Input material section start

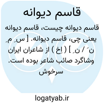 قاسم دیوانه. [ س ِ م ِ ن َ / ن ِ ] ( اِخ ) از شاعران ایران وشاگرد صائب شاعر بوده است. سرخوش گوید وی به هند سفر نکرده ولی در آنجا شهرت بسیار دارد. دیوان اشعار وی در نولکشور هند چاپ شده است. ( الذریعه ج 9 ص 335 ).
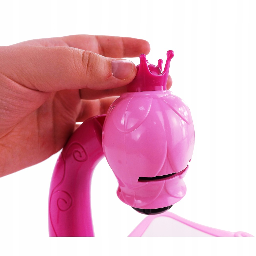 - Głowa z koroną posiada włącznik on/off oraz włącznik melodyjek. Po przesunięciu włącznika raz oświeca się światło, a po przesunięciu drugi raz uruchamiają się melodyjki. Dzięki temu można malować z muzyką, albo bez. Projektor gra 12 różnych melodyjek. Główka jest ruchoma (góra-dół), natomiast całe ramie można przesuwać w lewo i prawo.
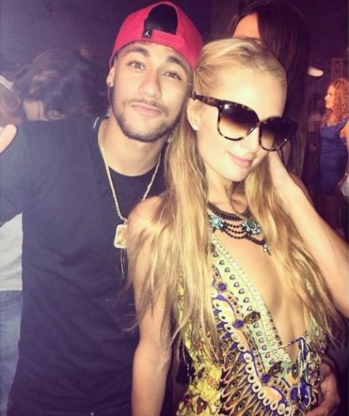사진 속 네이마르는 검은 티셔츠에 빨간색 모자를 쓰고 있고, 커다란 레오파드 무늬 선글라스를 낀 힐튼은 노출을 감행한 독특한 의상으로 매력을 뽐냈다.
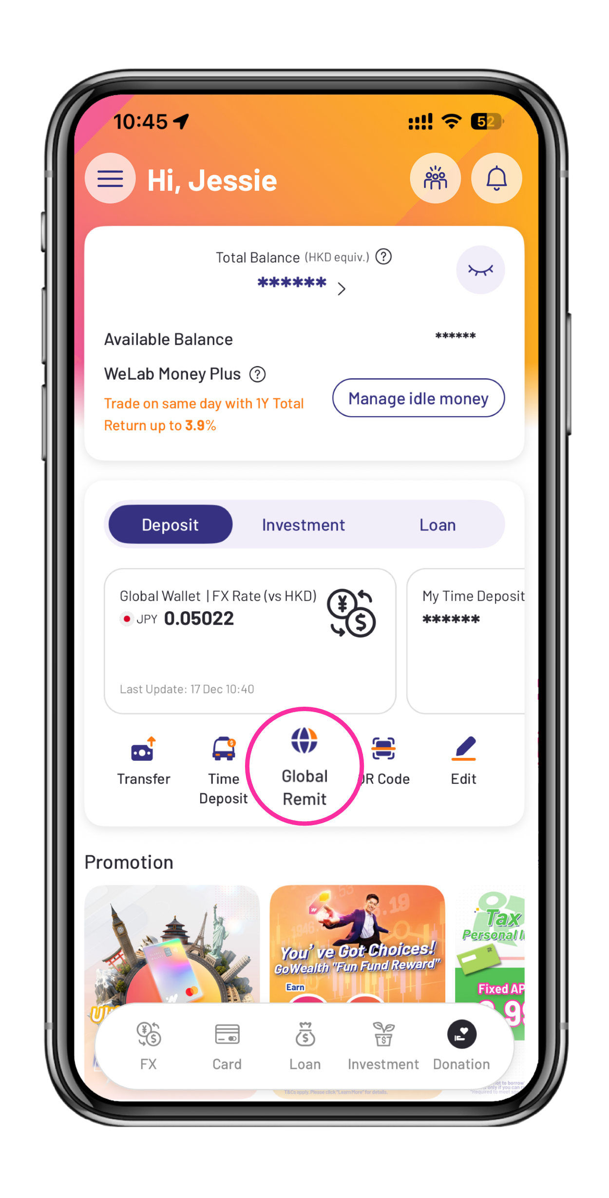 During promotion period, all outward remittance successfully made through the “Global Remit” function in the WeLab Bank App can enjoy WeLab remittance handling fee waivers. The actual fee quote with waiver ($0) will be directly displayed in the WeLab Bank App as an Eligible Customer submits a remittance transaction.
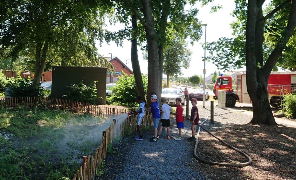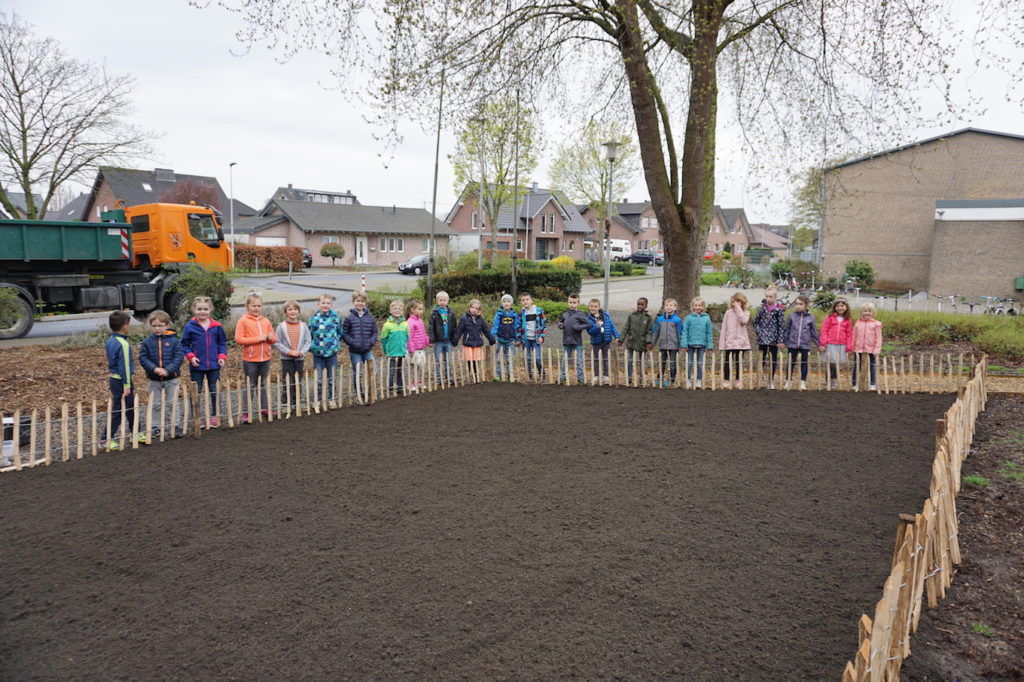 Dann konnten wir mithilfe des Bauamtes unserer Gemeinde Gangelt und der unteren Landschaftsbehörde des Kreises Heinsberg eine Fläche von 50 qm vor dem Schulgebäude aufbereiten, einsäen und mit einem Staketenzäunchen einfassen.
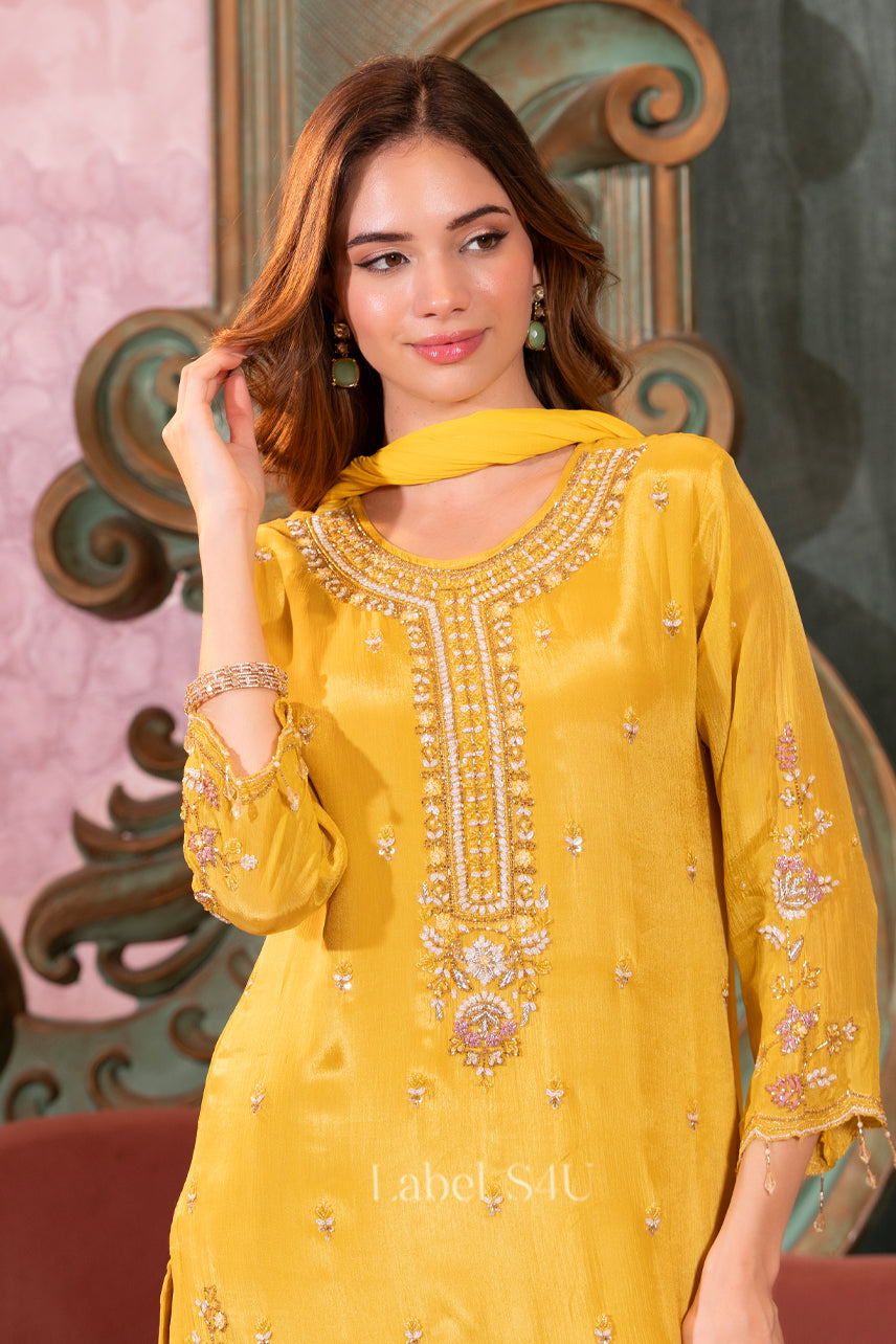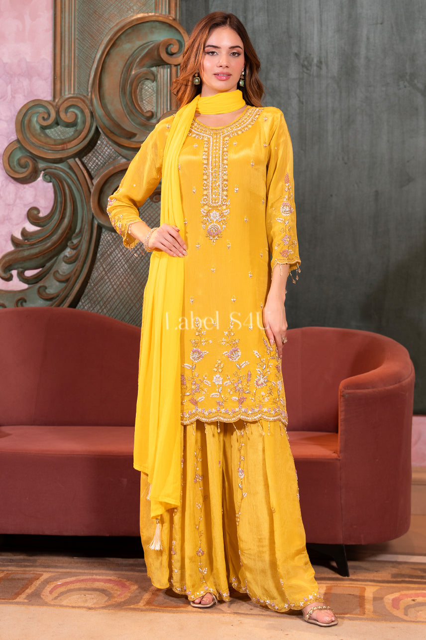 Mustard Yellow Spark-Sharara Set suits suitable for gifts for birthdays, anniversaries, or weddings, thanks to their beautiful elegant presentation and timeless unique style.
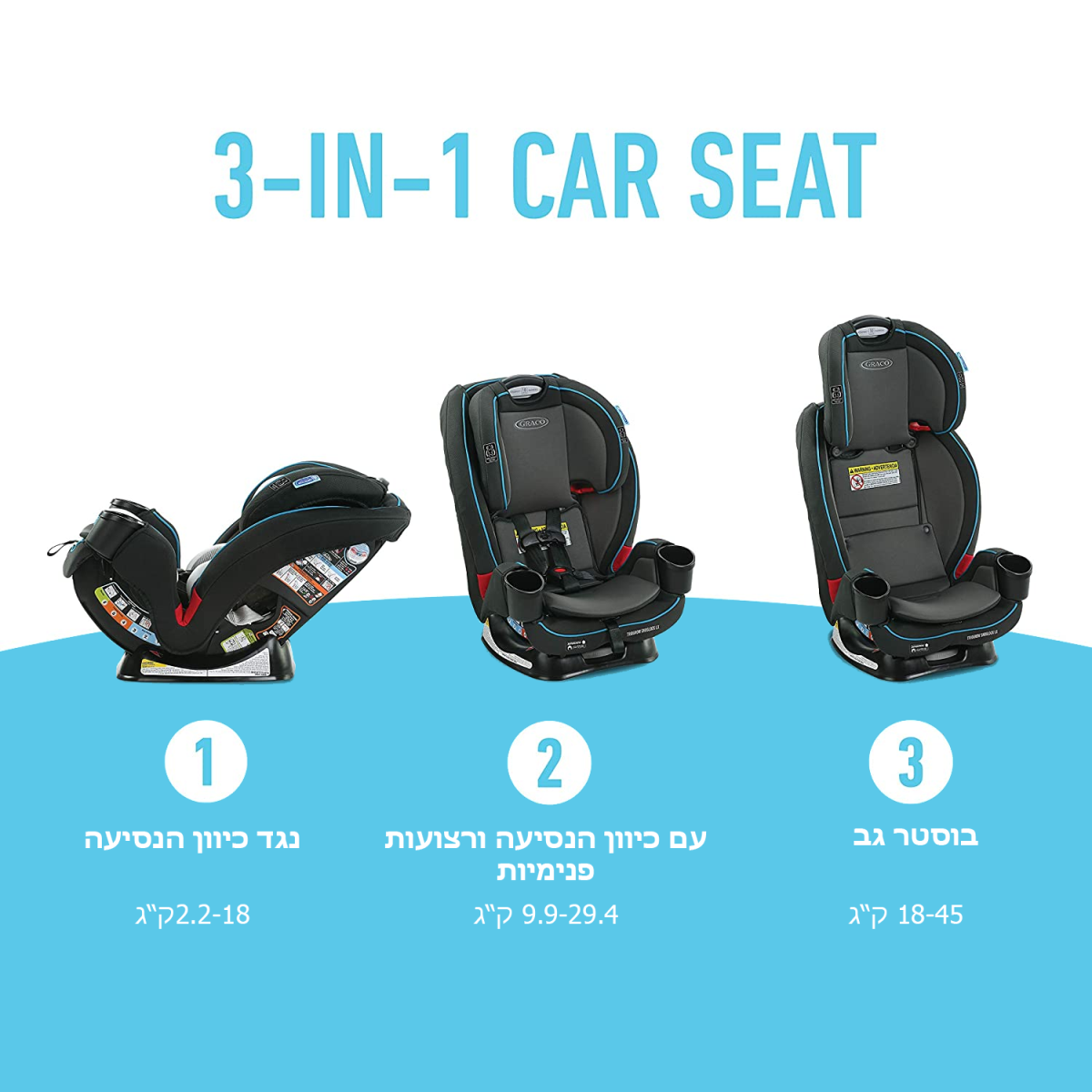 - מאפשר לשבת נגד כיוון הנסיעה עד 18 ק"ג - בערך גיל 4-5
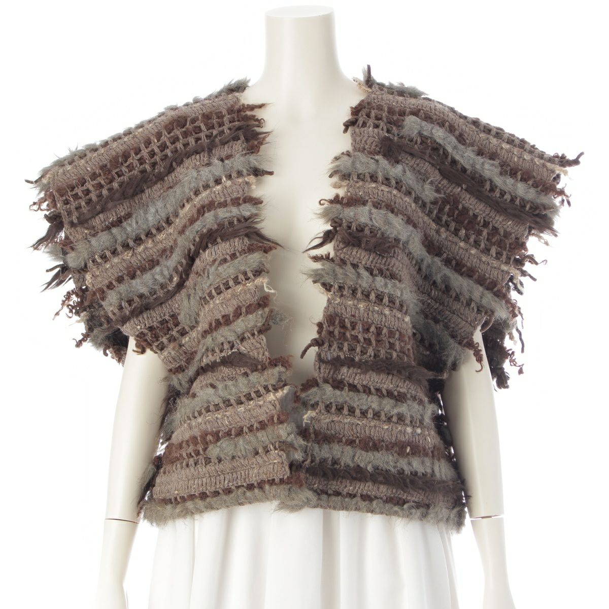 イッセイミヤケ 70s ウール オールスタイル 織 ニット ベスト トップス ナチュラル ブラウン グレー
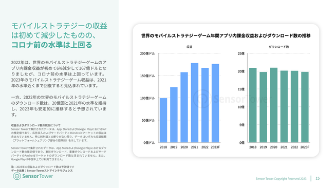 2022年は、世界のモバイルストラテジーゲームのアプリ内課金収益が初めて6%減少して167億ドルとなりましたが、コロナ前の水準は上回っており、2023年には回復すると見込まれています。2022年の世界のモバイルストラテジーゲームダウンロード数は2021年の水準を維持しており、2023年も安定的に推移すると予想されています。
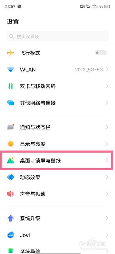 1、在手机设置菜单中点击【桌面、锁屏与壁纸】。
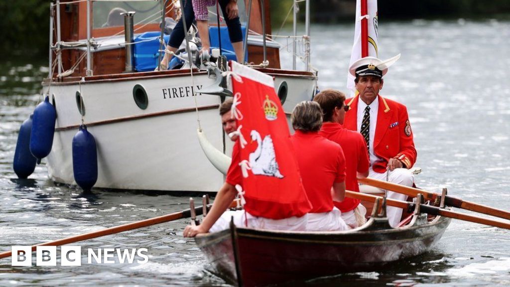 Brightly-dressed crews of swan uppers in rowing boats travelled along the River Thames taking swans and their young cygnets ashore to be weighed, measured and checked for any injuries.
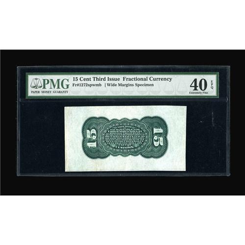 <B>Fr. 1272SP 15¢ Third Issue Wide Margin Back PMG Extremely Fine 40 EPQ.</B></I> This Grant-Sherman Green Back has earned the "Exceptional Paper Quality" appellation.<BR><BR><b>Shipping:</b> Coins & Currency (<a target="_blank" href="http://www.heritageauctions.com/common/shipping.php">view shipping information</a>)
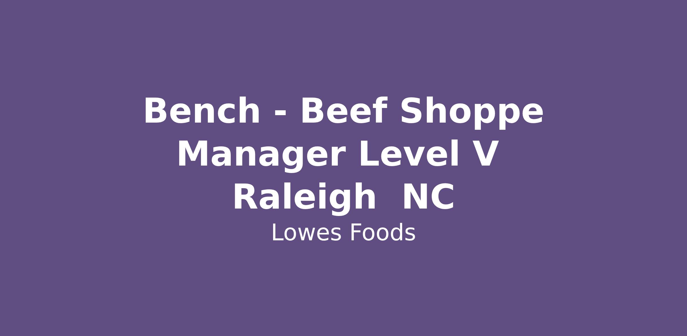 Bench - Beef Shoppe Manager Level V  Raleigh  NC

Input material section end

## [About this exercise]
Write out the records shown above exactly, but do not include any images.

## [Solution to the problem]
 قاسم دیوانه. [ س ِ م ِ ن َ / ن ِ ] ( اِخ ) از شاعران ایران وشاگرد صائب شاعر بوده است. سرخوش گوید وی به هند سفر نکرده ولی در آنجا شهرت بسیار دارد. دیوان اشعار وی در نولکشور هند چاپ شده است. ( الذریعه ج 9 ص 335 ).
 - Głowa z koroną posiada włącznik on/off oraz włącznik melodyjek. Po przesunięciu włącznika raz oświeca się światło, a po przesunięciu drugi raz uruchamiają się melodyjki. Dzięki temu można malować z muzyką, albo bez. Projektor gra 12 różnych melodyjek. Główka jest ruchoma (góra-dół), natomiast całe ramie można przesuwać w lewo i prawo.
사진 속 네이마르는 검은 티셔츠에 빨간색 모자를 쓰고 있고, 커다란 레오파드 무늬 선글라스를 낀 힐튼은 노출을 감행한 독특한 의상으로 매력을 뽐냈다.
 During promotion period, all outward remittance successfully made through the “Global Remit” function in the WeLab Bank App can enjoy WeLab remittance handling fee waivers. The actual fee quote with waiver ($0) will be directly displayed in the WeLab Bank App as an Eligible Customer submits a remittance transaction.
 Dann konnten wir mithilfe des Bauamtes unserer Gemeinde Gangelt und der unteren Landschaftsbehörde des Kreises Heinsberg eine Fläche von 50 qm vor dem Schulgebäude aufbereiten, einsäen und mit einem Staketenzäunchen einfassen.
 Mustard Yellow Spark-Sharara Set suits suitable for gifts for birthdays, anniversaries, or weddings, thanks to their beautiful elegant presentation and timeless unique style.
 - מאפשר לשבת נגד כיוון הנסיעה עד 18 ק"ג - בערך גיל 4-5
 イッセイミヤケ 70s ウール オールスタイル 織 ニット ベスト トップス ナチュラル ブラウン グレー
 2022年は、世界のモバイルストラテジーゲームのアプリ内課金収益が初めて6%減少して167億ドルとなりましたが、コロナ前の水準は上回っており、2023年には回復すると見込まれています。2022年の世界のモバイルストラテジーゲームダウンロード数は2021年の水準を維持しており、2023年も安定的に推移すると予想されています。
 1、在手机设置菜单中点击【桌面、锁屏与壁纸】。
 Brightly-dressed crews of swan uppers in rowing boats travelled along the River Thames taking swans and their young cygnets ashore to be weighed, measured and checked for any injuries.
 <B>Fr. 1272SP 15¢ Third Issue Wide Margin Back PMG Extremely Fine 40 EPQ.</B></I> This Grant-Sherman Green Back has earned the "Exceptional Paper Quality" appellation.<BR><BR><b>Shipping:</b> Coins & Currency (<a target="_blank" href="http://www.heritageauctions.com/common/shipping.php">view shipping information</a>)
 Bench - Beef Shoppe Manager Level V  Raleigh  NC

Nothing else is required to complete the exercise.